The Romberg quadrature formula is also called the successive half-acceleration method. It is based on the relationship between the trapezoidal formula, the Simpson’s formula and the higher-order Newton-Cotes formula to construct a method to accelerate the calculation of integral. The Romberg algorithim is an extrapolation method of combining the previous approximations to generate more accurate apprximations in the process of successively dividing the integration interval into half. It improves the accuracy of the integral without increasing the amount of calculation.
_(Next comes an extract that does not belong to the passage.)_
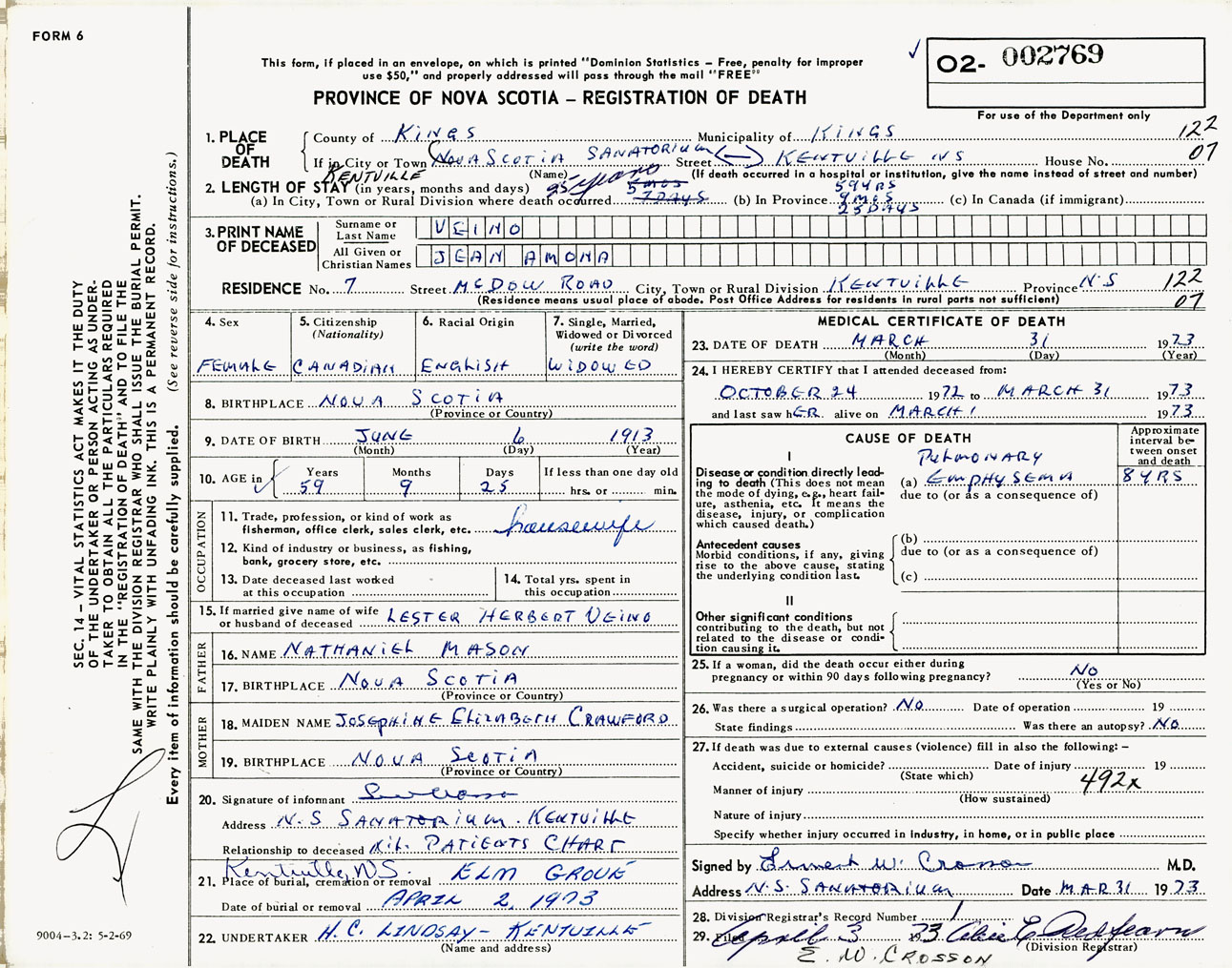 Female Death Registration: Year: 1973 number: 2769

According to the error estimation of the trapezoidal rule, it can be seen that the truncation error of the integral or tyhe approximation value $$T_n$$ is roughly proportional to $$h^2$$. So, when the step size is divided by two sub-intervals which are double than that of the numerator, the truncation error $$1-T_n$$ will them be reduced to $$\frac{1}{4}$$ of the original error. Mathematically,

$$\displaystyle \frac{1-T_{2n}}{1-T_n}\approx\frac{1}{4}$$

Rearranging the terms, we get

$$\displaystyle 1-T_{2n}\approx\frac{1}{3}(T_{2n}-T_n)$$

It can be seen that as long as the two successive integral values $$T_n$$ and $$T_{2n}$$, before and after the further division are close enough, the error of $$T_{2n}$$ will alos be small. The error of $$T_{2n}$$ is roughly equal to $$\frac{1}{3}(T_{2n}T_n)$$. We can use this error to compensate for $$T_{2n}$$ to get a better approximation, that is a more accurate approximation

$$\displaystyle \Bar{T}=T_{2n}+\frac{1}{3}(T_{2n}-T_n)=\frac{4}{3}4T_{2n}-\frac{1}{3}T_n$$

In other words, we can say that we linearly combine two integral values $$T_n$$ and $$T_{2n}$$ computed using the trapezoidal rule to get more accurate approximations. We can go further using the similar approach.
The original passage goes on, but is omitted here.